The Backup Pipeline After the Fix
The backup engine now uses copy_from_container for volume backups:
rustBackupSource::Volume { container_id, path } => {
backup_volume_docker(&self.docker, container_id, path).await?
}And copy_to_container for volume restores:
rustdocker.copy_to_container(container_id, path, data.to_vec()).await?;The data returned by copy_from_container is already a tar archive. The engine's pipeline then compresses it (gzip), optionally encrypts it (AES-256-GCM), and stores it via the configured storage provider. On restore, the process reverses: retrieve, decrypt, decompress, and upload the tar back into the container.
Source ID Resolution
The original code also had an ID problem. When the frontend selected an app for volume backup, it sent the app UUID as source_id. The engine treated source_id as the volume path. The fix was to look up the app by ID to get the container_id, then look up the app's mounts to find the volume's target path:
rustlet app = App::find_by_id(&pool, &source_id)?;
let container_id = app.container_id.unwrap();
let mounts = AppMount::list_by_app_id(&pool, &app.id)?;
let volume_path = mounts.first()
.map(|m| m.target.clone())
.unwrap_or_else(|| default_volume_path(app.stack.as_deref().unwrap_or("")));The source_id stored in the backup record changed from a bare path to container_id:path format (e.g., abc123:/var/lib/postgresql/data), so restores can find the right container and path without another app lookup.

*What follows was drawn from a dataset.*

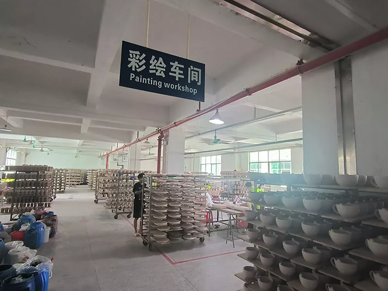 Нашата основна фабрика във Фуджиан е специализирана във висококачествени керамични прибори за хранене, включително чаши (чаши за кафе и чай) и свещи. Fujian е център за керамична изработка. Нашата фабрика може да се похвали с най-съвременни производствени линии и ISO-сертифицирани процеси, като щателно гарантира прецизност при оформянето, остъкляването и стрелбата, осигурявайки както функционални, така и естетически приятни продукти.

The Lesson: Use the Platform API
Every container runtime provides APIs for data movement. Docker has archive. Podman has the same endpoints. Kubernetes has kubectl cp (which uses the same tar-over-API approach). Using exec + shell commands is tempting because it feels familiar, but it introduces dependencies (is tar installed?), encoding issues (is the output binary-safe?), and permission problems (does the exec user have read access?).
The platform API handles all of these. It works with every image, every filesystem, every encoding. When moving data in or out of containers, always prefer the platform's native data movement API over exec-based workarounds.
The original backup_volume function still exists for direct filesystem paths (bind mounts where the host path is known). But for Docker-managed volumes -- which are the default in every sh0 template -- copy_from_container is the only correct approach.